Weierstrass' infinite product theorem [1]: For any given sequence of points in the complex plane $ \mathbf C $,

$$ \tag{1 } 0 \dots 0 , \alpha _ {1} , \alpha _ {2} \dots $$

$$ 0 < | \alpha _ {k} | \leq | \alpha _ {k+} 1 | ,\ k = 1, 2 , . . . ; \ \lim\limits _ {k \rightarrow \infty } | \alpha _ {k} | = \infty , $$

there exists an entire function with zeros at the points $ \alpha _ {k} $ of this sequence and only at these points. This function may be constructed as a canonical product:

$$ \tag{2 } W( z) = z ^ \lambda \prod _ { k= } 1 ^ \infty \left ( 1- \frac{z}{\alpha _ {k} } \right ) e ^ {P _ {k} ( z) } , $$

where $ \lambda $ is the multiplicity of zero in the sequence (1), and

$$ P _ {k} ( z) = \frac{z}{\alpha _ {k} } + \frac{z ^ {2} }{2 \alpha _ {k} ^ {2} } + \dots + \frac{z ^ {m _ {k} } }{2 \alpha _ {k} ^ {m _ {k} } } . $$

The multipliers

$$ W \left ( \frac{z}{\alpha _ {k} } ; \ m _ {k} \right ) = \left ( 1- \frac{z}{\alpha _ {k} } \right ) e ^ {P _ {k} ( z) } $$

are called Weierstrass prime multipliers or elementary factors. The exponents $ m _ {k} $ are chosen so as to ensure the convergence of the product (2); for instance, the choice $ m _ {k} = k $ ensures the convergence of (2) for any sequence of the form (1).

It also follows from this theorem that any entire function $ f( z) $ with zeros (1) has the form

$$ f( z) = e ^ {g(} z) W( z) , $$

where $ W( z) $ is the canonical product (2) and $ g( z) $ is an entire function (see also Hadamard theorem on entire functions).

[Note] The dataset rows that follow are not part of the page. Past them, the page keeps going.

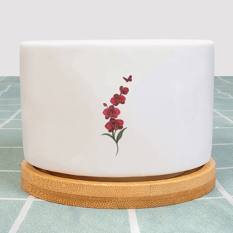Shop for attractive Red Orchid Flowers illustration with red butterfly Plant Pots or see more Plant Pots products on https://printblur.com right now!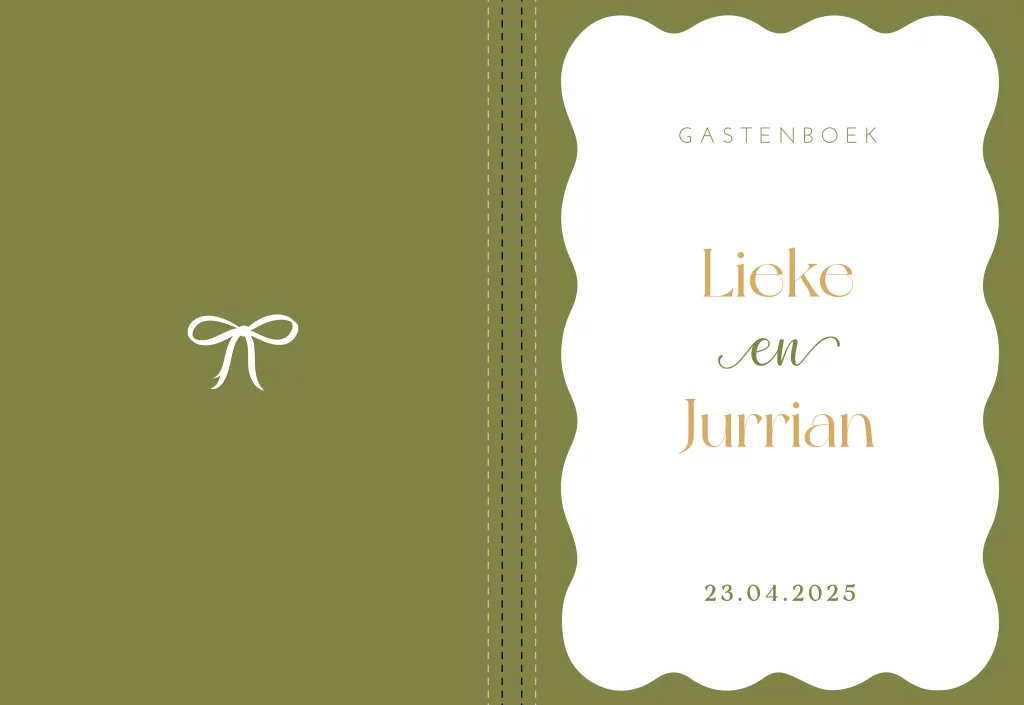 Een groen gastenboek met witte sierlijke achtergrond en letters. Pas de omslag aan naar de stijl van jullie trouwkaart! Formaat: staand, 72 blanco pagina's aan de binnenzijde. Het boek heeft een glanzende harde kaft. Passend bij de trouwhuisstijl Chic Bow.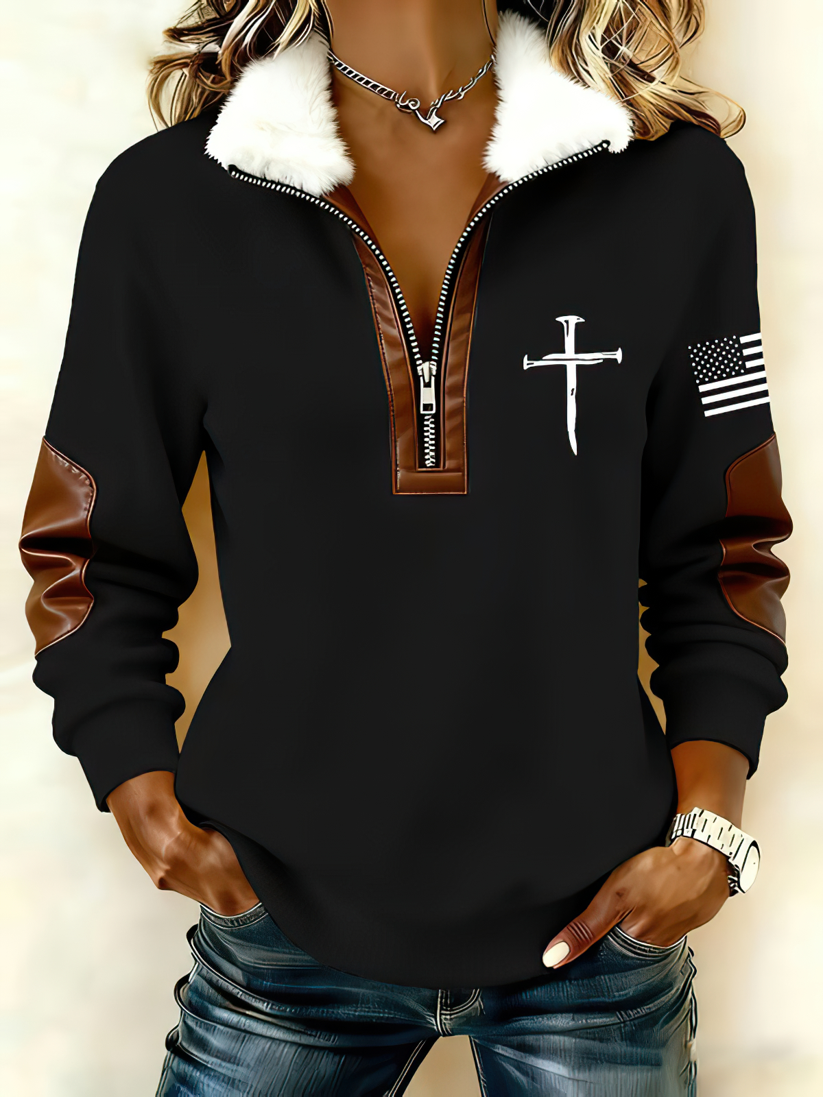 Women's Casual Retro Faith Print Patchwork Fur Collar Long-Sleeve Sweatshirt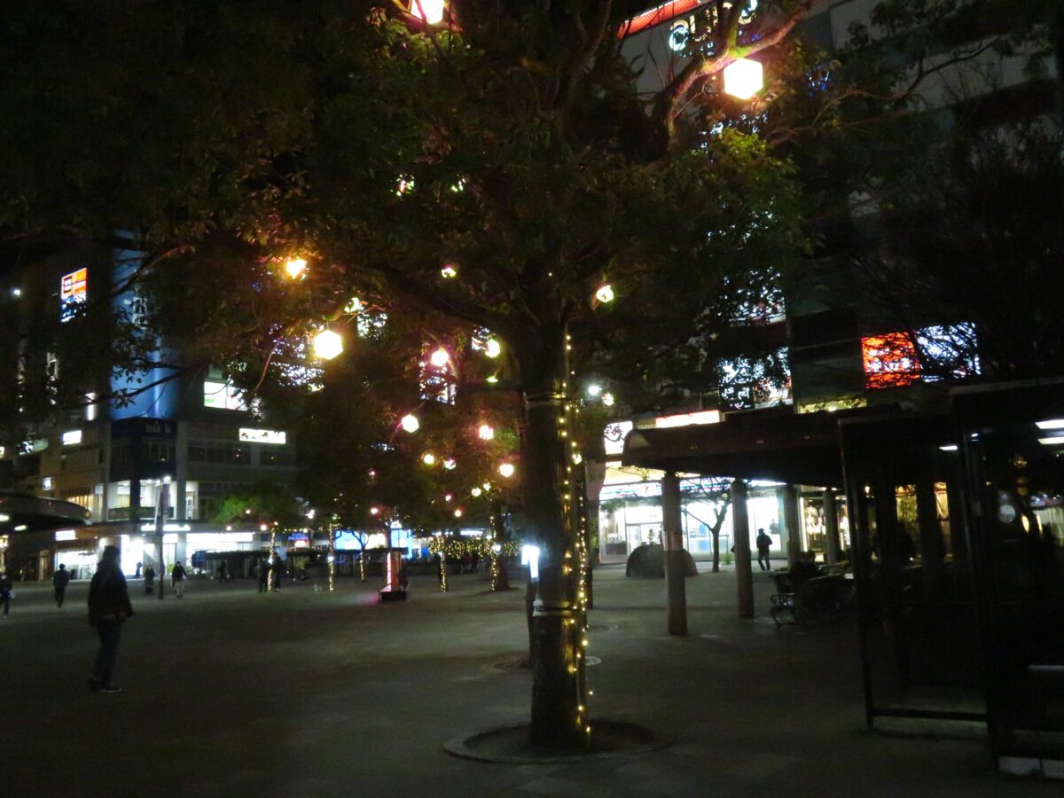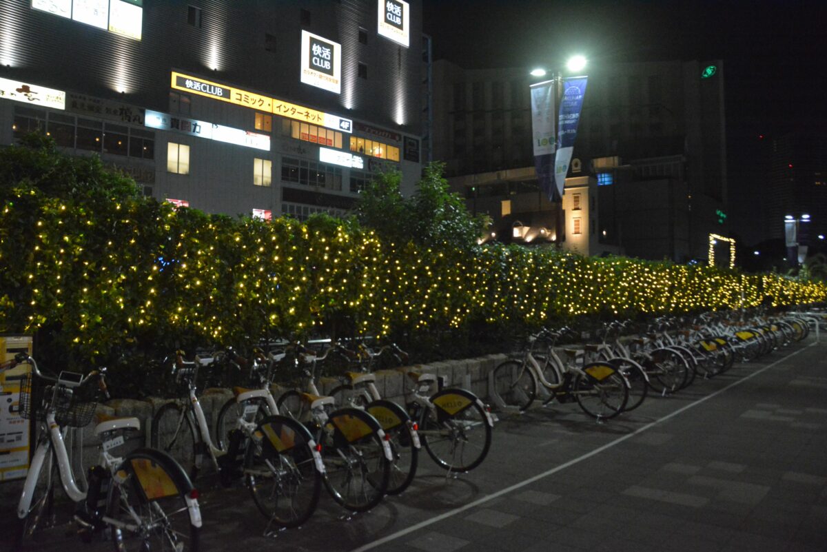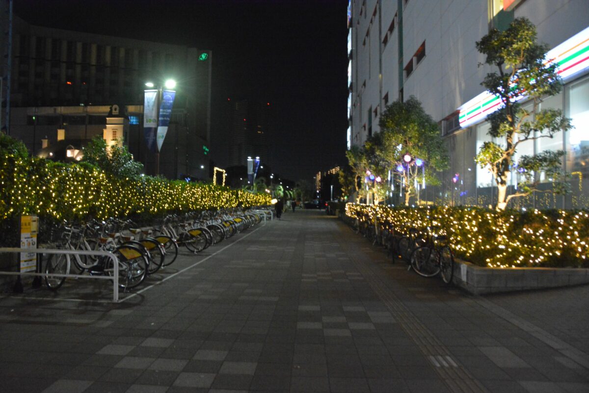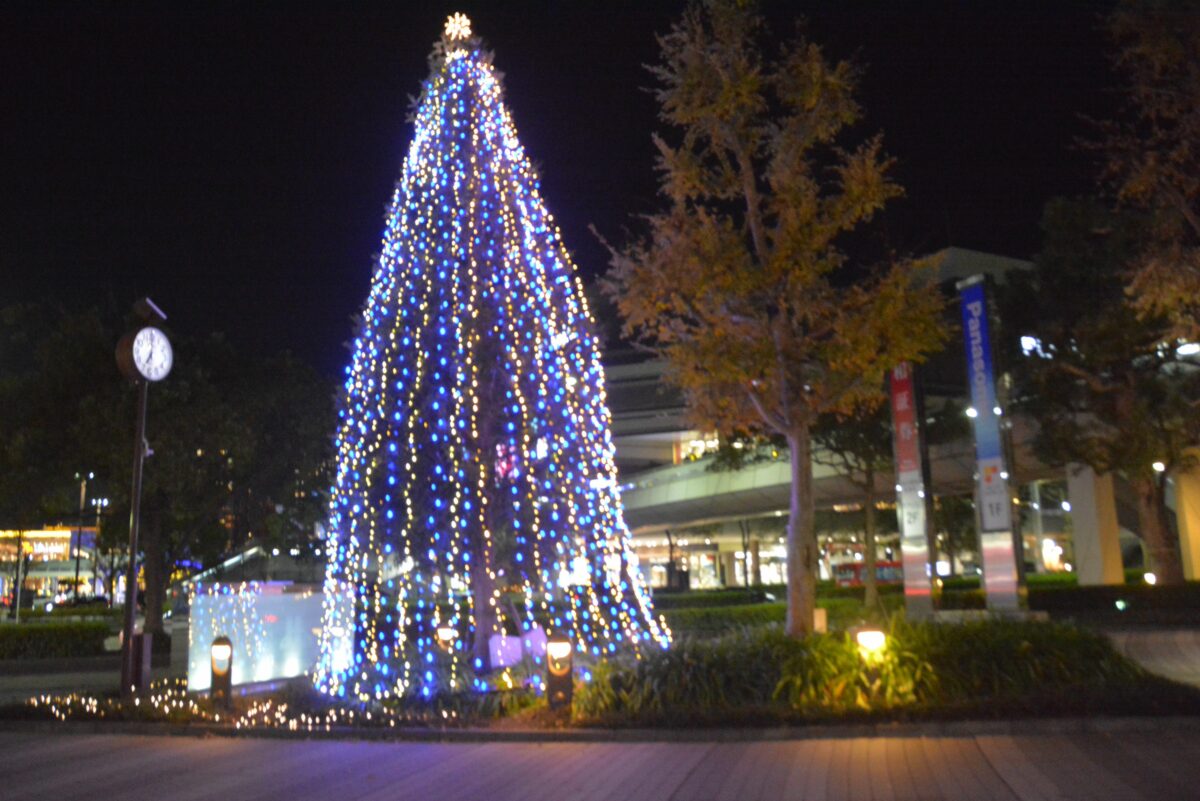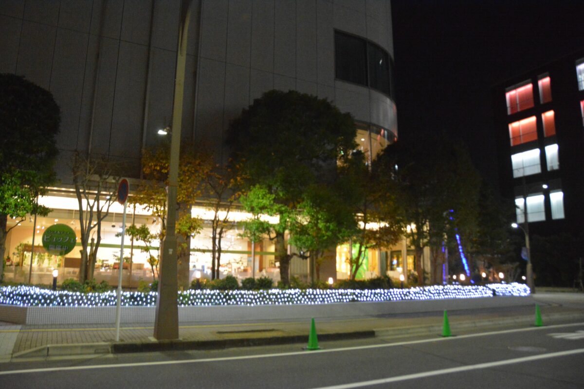 南口広場の西側に建つワールド・ビジネス・ガーデンの周囲もイルミネーションで彩られます。

Weierstrass' infinite product theorem can be generalized to the case of an arbitrary domain $ D \subset \mathbf C $: Whatever a sequence of points $ \{ \alpha _ {k} \} \subset D $ without limit points in $ D $, there exists a holomorphic function $ f $ in $ D $ with zeros at the points $ \alpha _ {k} $ and only at these points.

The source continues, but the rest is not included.